■ WORK TO COMPLETE ■
Output every line below as it stands, dropping only the images.
··· COLLECTED DATA ···
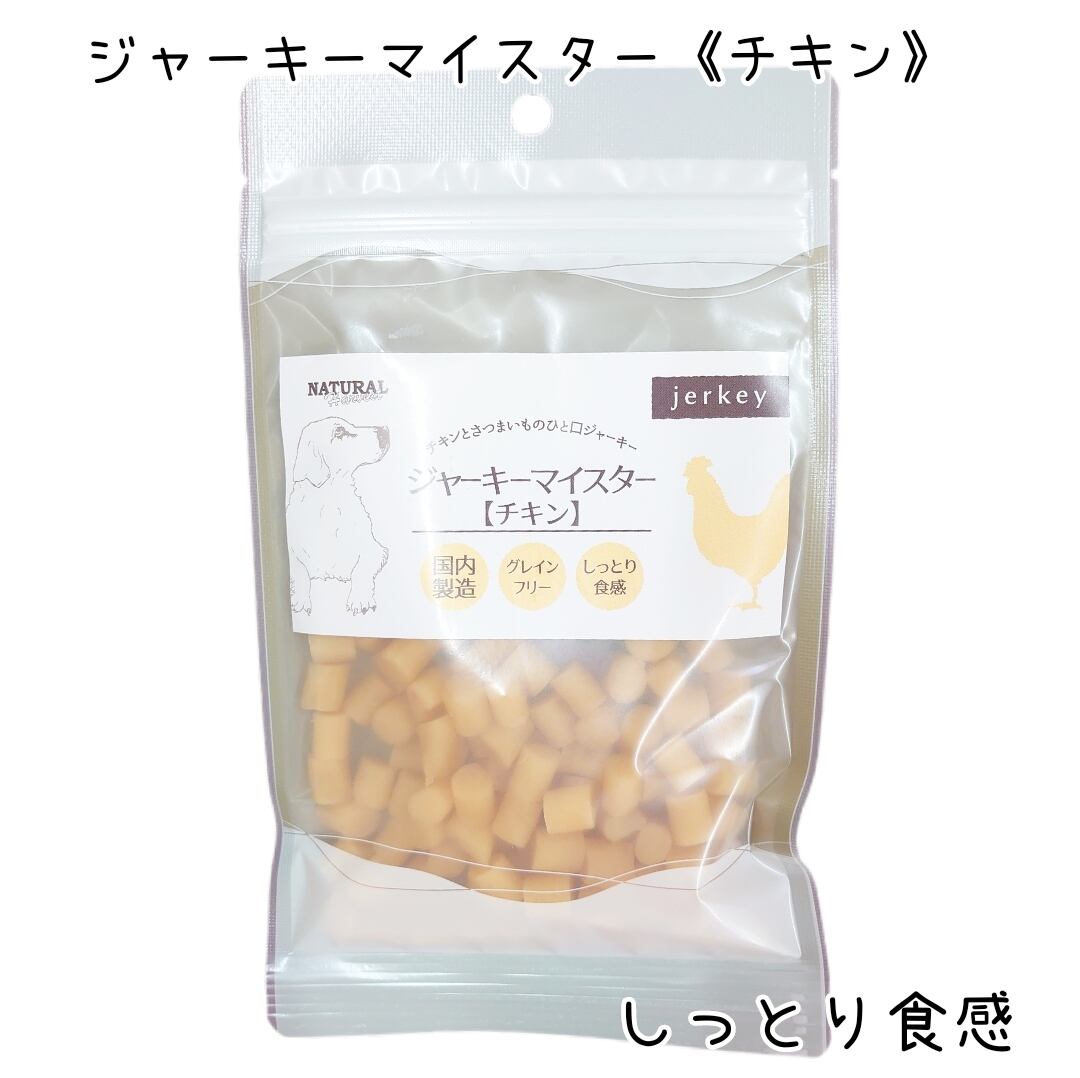 チキンとサツマイモのセミモイストタイプの約1cmの食べやすいジャーキーです。
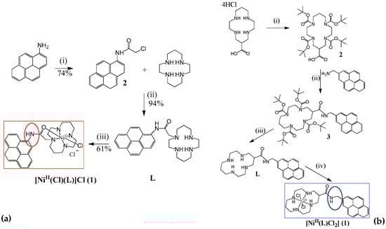 (a) Synthetical steps for a cyclam derivative N-functionalized with a pyrene moiety. Adapted from ref. [57], (b) Synthetical steps for a cyclam derivative C-functionalized with pyrene. Adapted from ref. [59].
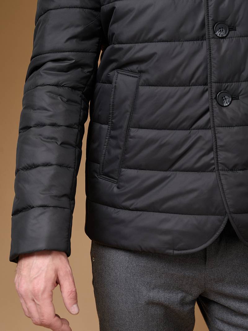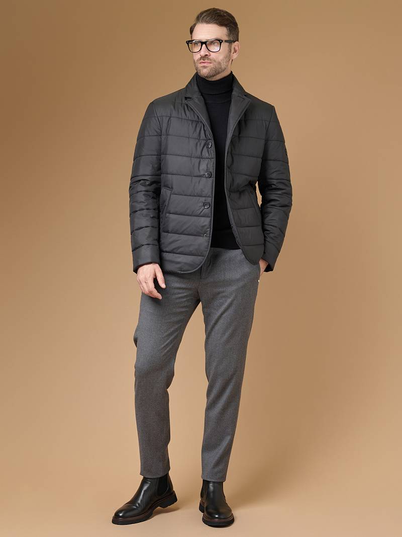 Куртка-пиджак мужская простеганая из курточной ткани. Инновационная пуходержащая ткань верха с обработкой wr, cire (ветро и влаго защита). - мягкая, легкая, практичная, не мнется. Изделие с отложным воротником пиджачного типа с лацканами. Застежка куртки -пиджака на пуговицы. На полочках - прорезные боковые карманы с листочками на скрытых магнитах. Спинка без среднего шва. Рукава с локтевыми швами. Инновационная внутренняя подкладка с защитой от миграции волокон, на подкладке - два вместительных кармана для документов. Утеплитель антиаллергенный термоплюс 150гр /150гр. не теряет своих свойств после химчистки и стирки. Длина по спинке для размера 50/176 - 90см. Ткань верха: 100%по
···
■ REPLY TO THE TASK ■
 チキンとサツマイモのセミモイストタイプの約1cmの食べやすいジャーキーです。
 (a) Synthetical steps for a cyclam derivative N-functionalized with a pyrene moiety. Adapted from ref. [57], (b) Synthetical steps for a cyclam derivative C-functionalized with pyrene. Adapted from ref. [59].
 Куртка-пиджак мужская простеганая из курточной ткани. Инновационная пуходержащая ткань верха с обработкой wr, cire (ветро и влаго защита). - мягкая, легкая, практичная, не мнется. Изделие с отложным воротником пиджачного типа с лацканами. Застежка куртки -пиджака на пуговицы. На полочках - прорезные боковые карманы с листочками на скрытых магнитах. Спинка без среднего шва. Рукава с локтевыми швами. Инновационная внутренняя подкладка с защитой от миграции волокон, на подкладке - два вместительных кармана для документов. Утеплитель антиаллергенный термоплюс 150гр /150гр. не теряет своих свойств после химчистки и стирки. Длина по спинке для размера 50/176 - 90см. Ткань верха: 100%по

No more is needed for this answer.